Pandoc 是一個通用的文檔轉換工具，可以在多種格式之間轉換文檔，如 DOCX、ODT、Markdown、HTML、LaTeX 等。它能夠保留文檔的格式，並提供多種輸出選項。
這段程式碼只支援 DOCX、ODT 運用：
1. 先將文檔轉換為 HTML 格式，保留格式資訊。
2. 然後使用自定義的解析器從 HTML 中提取所需的結構化數據，並進一步轉換為其他格式。</br>

方法論轉換成純文字檔案的過程。

同時加入將 json 轉換成語言模型友善的 .txt 方法，藉此保留原有的格式

In [1]:
!sudo apt-get install pandoc
!pip install beautifulsoup4


Reading package lists... Done
Building dependency tree... Done
Reading state information... Done
The following additional packages will be installed:
  libcmark-gfm-extensions0.29.0.gfm.3 libcmark-gfm0.29.0.gfm.3 pandoc-data
Suggested packages:
  texlive-latex-recommended texlive-xetex texlive-luatex pandoc-citeproc
  texlive-latex-extra context wkhtmltopdf librsvg2-bin groff ghc nodejs php
  python ruby libjs-mathjax libjs-katex citation-style-language-styles
The following NEW packages will be installed:
  libcmark-gfm-extensions0.29.0.gfm.3 libcmark-gfm0.29.0.gfm.3 pandoc
  pandoc-data
0 upgraded, 4 newly installed, 0 to remove and 45 not upgraded.
Need to get 20.6 MB of archives.
After this operation, 156 MB of additional disk space will be used.
Get:1 http://archive.ubuntu.com/ubuntu jammy/universe amd64 libcmark-gfm0.29.0.gfm.3 amd64 0.29.0.gfm.3-3 [115 kB]
Get:2 http://archive.ubuntu.com/ubuntu jammy/universe amd64 libcmark-gfm-extensions0.29.0.gfm.3 amd64 0.29.0.gfm.3-3 [25.1 kB

In [2]:
import os

def create_directories():
    input_dir = "/content/input"
    output_dir = "/content/output"
    txtOutput_dir = "/content/output/txtOutput"
    log_dir = "/content/log"

    # 創建 /content/input 目錄
    os.makedirs(input_dir, exist_ok=True)
    print(f"Directory created: {input_dir}")

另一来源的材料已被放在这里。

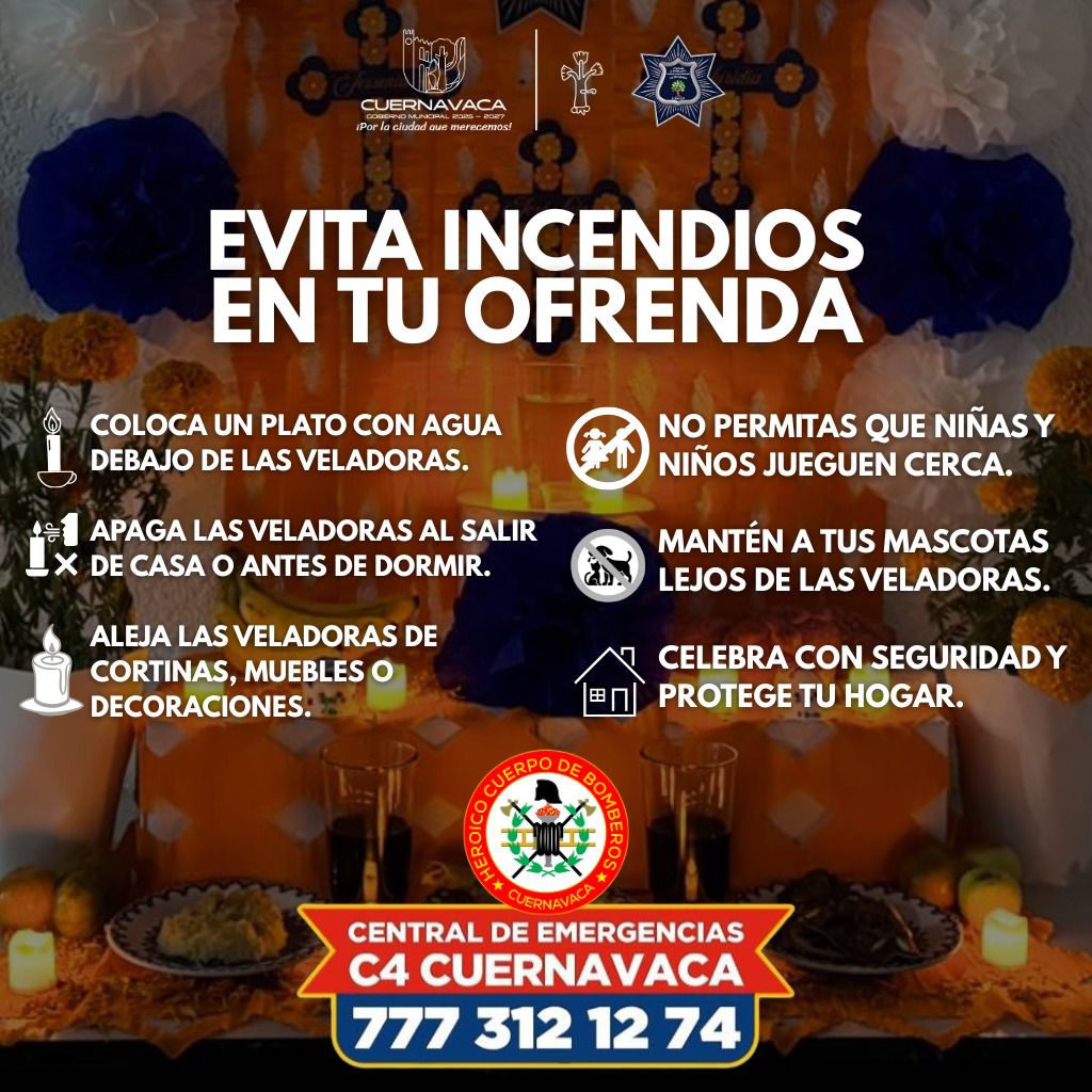 La Dirección de Bomberos, Rescate y Urgencias Médicas de la Secretaría de Protección y Auxilio Ciudadano (SEPRAC) exhorta a la ciudadanía a tomar medidas preventivas al colocar sus ofrendas durante las celebraciones de Día de Muertos, con el objetivo de evitar incidentes por el uso de veladoras encendidas dentro de los hogares.

    # 創建 /content/output 目錄
    os.makedirs(output_dir, exist_ok=True)
    print(f"Directory created: {output_dir}")
    # 創建 /content/output/txtOutput 目錄
    os.makedirs(txtOutput_dir, exist_ok=True)
    print(f"Directory created: {txtOutput_dir}")
    # 創建 /content/log 目錄
    os.makedirs(log_dir, exist_ok=True)
    print(f"Directory created: {log_dir}")
# 執行函數創建目錄
create_directories()


Directory created: /content/input
Directory created: /content/output
Directory created: /content/output/txtOutput
Directory created: /content/log


In [16]:
from bs4 import BeautifulSoup
import re
import os
import json
import subprocess
import traceback

def convert_to_html(input_file, output_file):
    try:
        subprocess.run(['pandoc', '-o', output_file, input_file], check=True)
        print(f"Converted {input_file} to {output_file}")
    except subprocess.CalledProcessError as e:
        print(f"Error converting {input_file}: {e}")
        raise

def parse_html_and_extract_data(html_file):
    with open(html_file, "r", encoding="utf-8") as file:
        contents = file.read()
        soup = BeautifulSoup(contents, "html.parser")

    content = []
    current_title = None
    current_paragraphs = []

    title_pattern = re.compile('^h[1-6]$')  # 預編正則表示式提高效率

    for element in soup.find_all(lambda tag: re.match(title_pattern, tag.name) or tag.name == 'p'):
        if re.match(title_pattern, element.name):  # 使用 re.match
            if current_title is not None:
                content.append({
                    'title': current_title,
                    'paragraphs': current_paragraphs
                })
            current_title = element.text.strip()
            current_paragraphs = []
        else:
            current_paragraphs.append(element.text.strip())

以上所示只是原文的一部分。